SUPPLIED ENTRIES section start

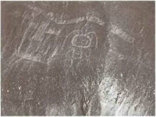 На вершине холма сохранились остатки совсем небольших изображений. Здесь и разные животные, переплетающиеся, словно на страницах комикса; среди них выделяется существо с длинным, как у динозавров, хвостом. Привет тебе, коллекция Кабреры! К сожалению, снимки других животных из этой серии не получились. Яи сегодня ругаю себя за то, что не упросил Эдуардо совершить еще хотя бы несколько кругов над холмом. Поэтому в этой книге я смог опубликовать лишь фрагмент этой интереснейшей «картинной галереи».
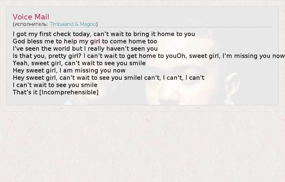 А как ты думаешь, о чем песня "Voice Mail" ?
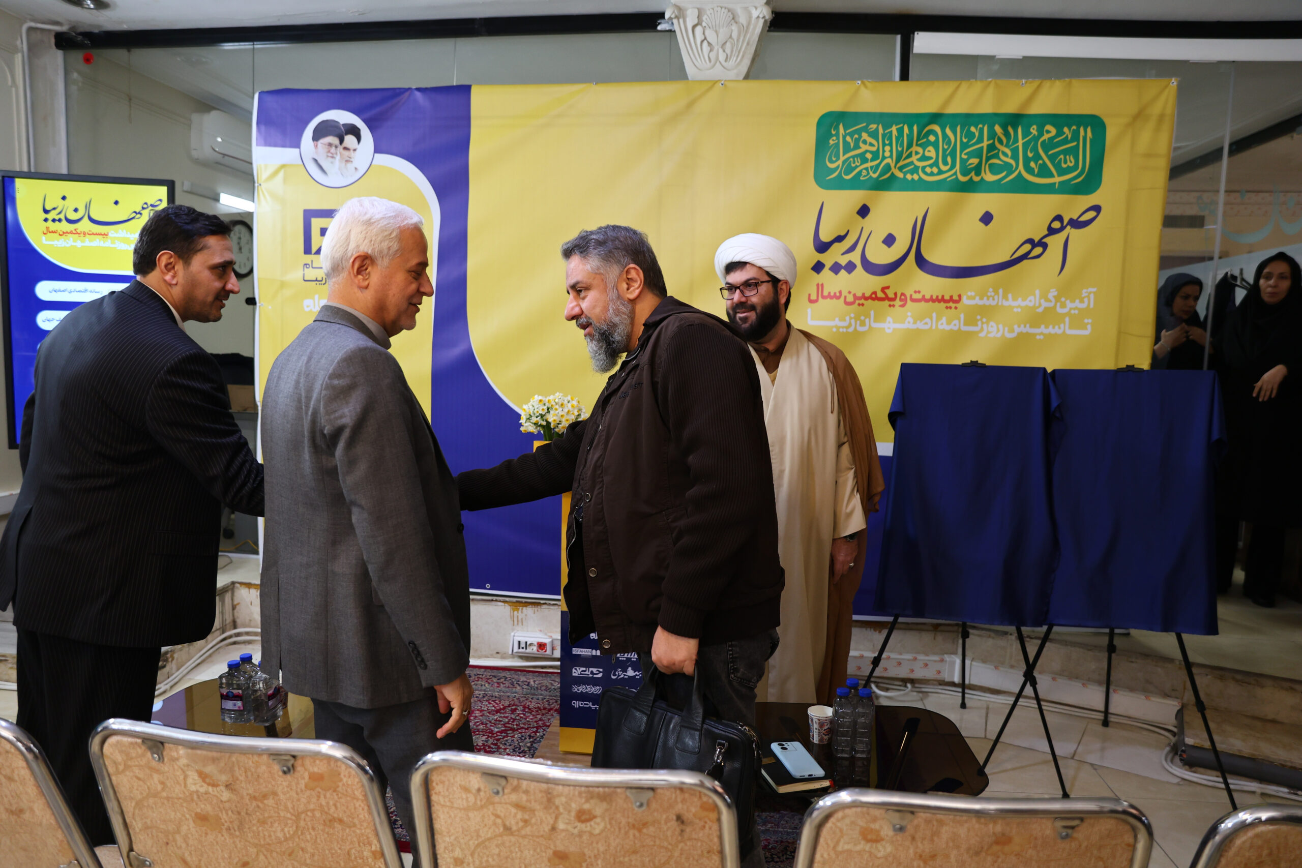 صندلیها بهردیف در کنار هم چیده شدند تا فضای میزبانی از یاران روزنامه که خود حالا میهمان شده بودند، در کنار حضور آقای شهردار، فراهم شود. همه ردیفها پر شد از حضور روزنامهچیها و ردیف اول را نیز دکتر علی قاسمزاده شهردار اصفهان، سید علی معرکنژاد مدیرکل ارتباطات و امور بینالملل شهرداری اصفهان، وحید ملتجی و سید جواد میرمعصومی از اعضای هیئتمدیره، بههمراه حجتالاسلام احسان تیموری مدیرعامل و محمدحسین اعتزازیان سردبیر روزنامه «اصفهانزیبا» پر کردند. بوی خوش دستهگل نرگس روی تریبون فضا را آکنده کرده بود. محمدحسین محسنی نیز سکاندار اجرای برنامه بود و با اشعار و اجرای دوستداشتنی فضا را گرم و صمیمانه میکرد.
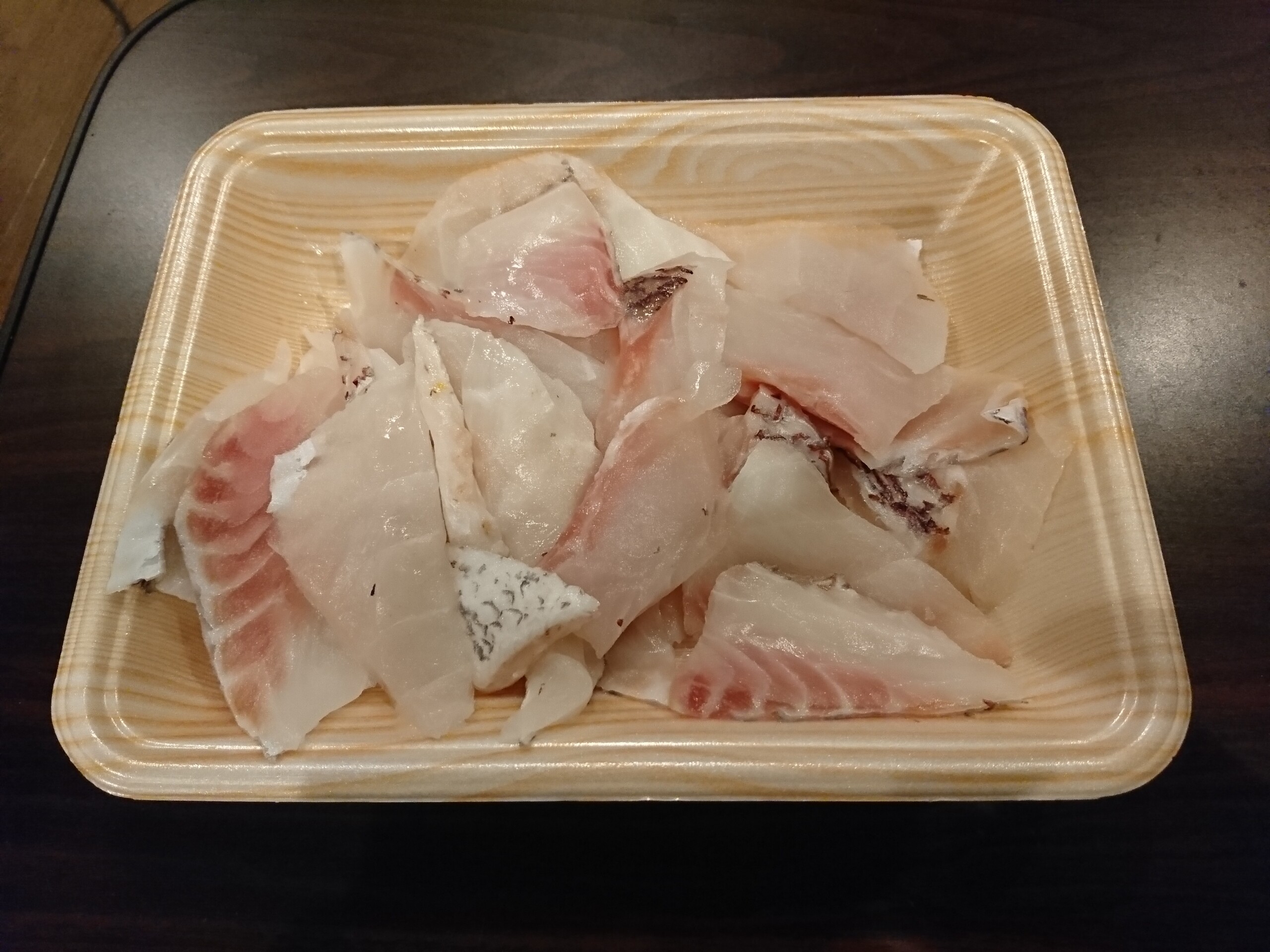 今日の酒の肴は地元のドンキで買った愛媛県産の養殖真鯛の刺身なの・・・?洗い・・・?です。
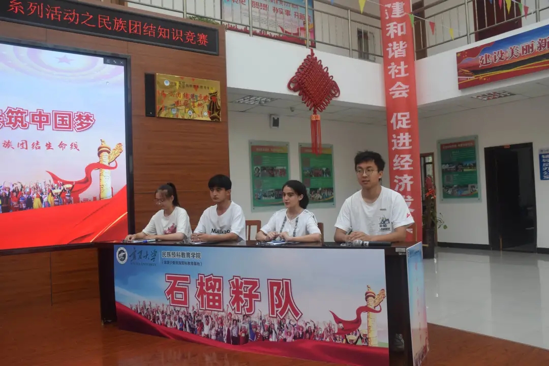 公司学子分别组成了“石榴籽队”和“沙枣树队”代表队,共有45名同学参加本次知识竞赛。本次知识竞赛分为必答题和抢答题环节。上午9点,随着主持人的开场白,本次活动正式拉开序幕。在必答题环节中,分别代表“石榴籽队”和“沙枣树队”代表队的8位同学,表现出扎实的民族团结知识功底和良好的表达能力,也展现出公司学子手拉手、心连心的良好风貌,赢得了全场的阵阵掌声。在抢答题环节中,台下同学利用易班微助教进行积极抢答,体现出了公司学子积极向上、敢于争先的精神。比赛最后,由公司回族、维吾尔族、哈萨克族、东乡族、蒙古族、满族、土家族、壮族八个少数民族员工代表组成的舞蹈队,带来热烈的民族舞蹈,将大家带入了欢乐的海洋。

SUPPLIED ENTRIES section end

_PROBLEM TO SOLVE_. Exactly as they appear, repeat the lines from the one containing "今日の酒の肴は地元のドンキで" through the last line of the entries, counting both ends. Pictures stay out.

_ANSWER FOR THIS EXERCISE_.
 今日の酒の肴は地元のドンキで買った愛媛県産の養殖真鯛の刺身なの・・・?洗い・・・?です。
 公司学子分别组成了“石榴籽队”和“沙枣树队”代表队,共有45名同学参加本次知识竞赛。本次知识竞赛分为必答题和抢答题环节。上午9点,随着主持人的开场白,本次活动正式拉开序幕。在必答题环节中,分别代表“石榴籽队”和“沙枣树队”代表队的8位同学,表现出扎实的民族团结知识功底和良好的表达能力,也展现出公司学子手拉手、心连心的良好风貌,赢得了全场的阵阵掌声。在抢答题环节中,台下同学利用易班微助教进行积极抢答,体现出了公司学子积极向上、敢于争先的精神。比赛最后,由公司回族、维吾尔族、哈萨克族、东乡族、蒙古族、满族、土家族、壮族八个少数民族员工代表组成的舞蹈队,带来热烈的民族舞蹈,将大家带入了欢乐的海洋。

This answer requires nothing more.